Für kurze Zeit scheint es, als ob das richtig große nächste Medien-Ding am Start ist. Clubhouse – eine Audio-App auf dem Smartphone. Man trifft sich in virtuellen Räumen zum Gruppen-Plaudern bis tief in die Nacht. Man sieht sich nicht, hört sich nur. Politiker spricht mit Normalo, Promi mit Medienschaffendem – Hunderte können reinklicken und mitreden. Was für eine Idee inmitten von Pandemie und Lockdowns. So etwas wie Radio, Podcast und Telefonieren in einem: das live gesprochene Wort. Doch der erste Hype Anfang 2021 währt nicht lange.
Wie viele Clubhouse heute in Österreich nutzen, ist unklar. Das US-Unternehmen hält sich mit marktspezifischen Zahlen bedeckt. Clubhouse-Chef Paul Davison sprach im Oktober in einem Bloomberg-TV-Interview davon, dass man perspektivisch eine stetige Entwicklung anstrebe. Man sei dieses Jahr viel zu schnell gewachsen. Wenn man zu schnell wachse, könnten Dinge auch schiefgehen.
Künstliche Verknappung
Clubhouse startete im September 2020. Die App gab es damals zunächst nur für Apple-Geräte, erst später kam Android dazu. Zudem musste man von einem anderen Clubhouse-Nutzer eingeladen werden. Heizte diese künstliche Verknappung den Hype erst recht an? Die Beitrittshürde wurde im Sommer aufgehoben. In der Zwischenzeit integrierte auch Social-Media-Riese Twitter einen ähnlichen Audio-Bereich.
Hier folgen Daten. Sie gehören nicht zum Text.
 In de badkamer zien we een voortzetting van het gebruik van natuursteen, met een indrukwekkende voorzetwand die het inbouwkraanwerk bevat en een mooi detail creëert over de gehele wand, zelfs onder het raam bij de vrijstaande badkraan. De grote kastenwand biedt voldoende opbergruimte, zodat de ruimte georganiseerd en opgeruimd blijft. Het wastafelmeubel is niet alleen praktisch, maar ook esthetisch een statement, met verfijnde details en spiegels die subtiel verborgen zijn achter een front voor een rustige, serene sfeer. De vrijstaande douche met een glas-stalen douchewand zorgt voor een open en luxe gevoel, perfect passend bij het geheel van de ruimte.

Kaum messbare Nutzung in Deutschland
Eine jüngst veröffentlichte Studie zur Online-Nutzung in Deutschland, die von ARD und ZDF regelmäßig beauftragt wurde, beschreibt, dass Clubhouse eine kaum messbare Nutzung aufweise. Die Studienmacher halten fest: „Was wie ein substanzieller Hype aussah, führt in der Befragung der ARD/ZDF-Onlinestudie zu dem Ergebnis, dass Clubhouse bisher keine statistisch erfassbaren täglichen Nutzerinnen oder Nutzer finden konnte und bei der Nutzung mindestens einmal in der Woche nur in der Zielgruppe der 14- bis 29-Jährigen auf 2 Prozent kommt.” In der Gesamtheit sei auch die mindestens wöchentliche Reichweite gleich null.
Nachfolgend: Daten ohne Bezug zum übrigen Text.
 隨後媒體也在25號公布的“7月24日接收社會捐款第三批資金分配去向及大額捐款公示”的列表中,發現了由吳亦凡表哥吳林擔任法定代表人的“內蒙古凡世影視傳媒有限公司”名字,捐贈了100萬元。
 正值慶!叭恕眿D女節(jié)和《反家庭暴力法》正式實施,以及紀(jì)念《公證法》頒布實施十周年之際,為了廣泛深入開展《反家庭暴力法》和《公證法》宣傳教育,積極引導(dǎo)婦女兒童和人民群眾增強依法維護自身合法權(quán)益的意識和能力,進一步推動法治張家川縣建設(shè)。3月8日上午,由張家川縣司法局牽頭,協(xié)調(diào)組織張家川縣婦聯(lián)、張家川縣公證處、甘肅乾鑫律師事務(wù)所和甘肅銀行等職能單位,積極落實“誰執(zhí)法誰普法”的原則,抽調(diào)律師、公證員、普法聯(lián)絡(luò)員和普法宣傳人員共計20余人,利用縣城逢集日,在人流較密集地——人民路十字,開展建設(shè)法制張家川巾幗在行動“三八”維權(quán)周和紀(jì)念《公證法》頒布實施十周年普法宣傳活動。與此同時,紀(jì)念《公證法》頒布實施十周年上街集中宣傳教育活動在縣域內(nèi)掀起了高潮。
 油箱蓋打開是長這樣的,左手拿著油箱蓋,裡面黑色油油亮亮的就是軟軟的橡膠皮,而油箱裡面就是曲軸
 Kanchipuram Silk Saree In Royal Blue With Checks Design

Der Professor für digitale Medien an der Technischen Hochschule (TH) Nürnberg, Markus Kaiser, kommt zu dieser Einschätzung: „Der Hype um und in der App Clubhouse ist genauso schnell wieder abgeebbt, wie er aufgekommen ist.” Er nennt unter anderem diese Gründe: Der Reiz von etwas Neuem verfliege generell schneller im Online-Bereich, damit sei auch der Produktlebenszyklus oft kürzer. Der Lockdown war irgendwann zu Ende. Die Menschen wollten im Sommer wieder nach draußen gehen. „Da blieb weniger Zeit für eine Audio-App, die meist von zu Hause aus genutzt wurde.” Auch das Image habe schnell in Sachen Datenschutz gelitten.
Von einem großen Revival der App geht der Experte nicht aus. Der Reiz des Neuen sei verloren. „Aber ein paar gezielt organisierte gute Diskussionsrunden können im Winter schon wieder dazu kommen.” Die Idee mit Audio-Live-Diskussionen werde auf jeden Fall bleiben.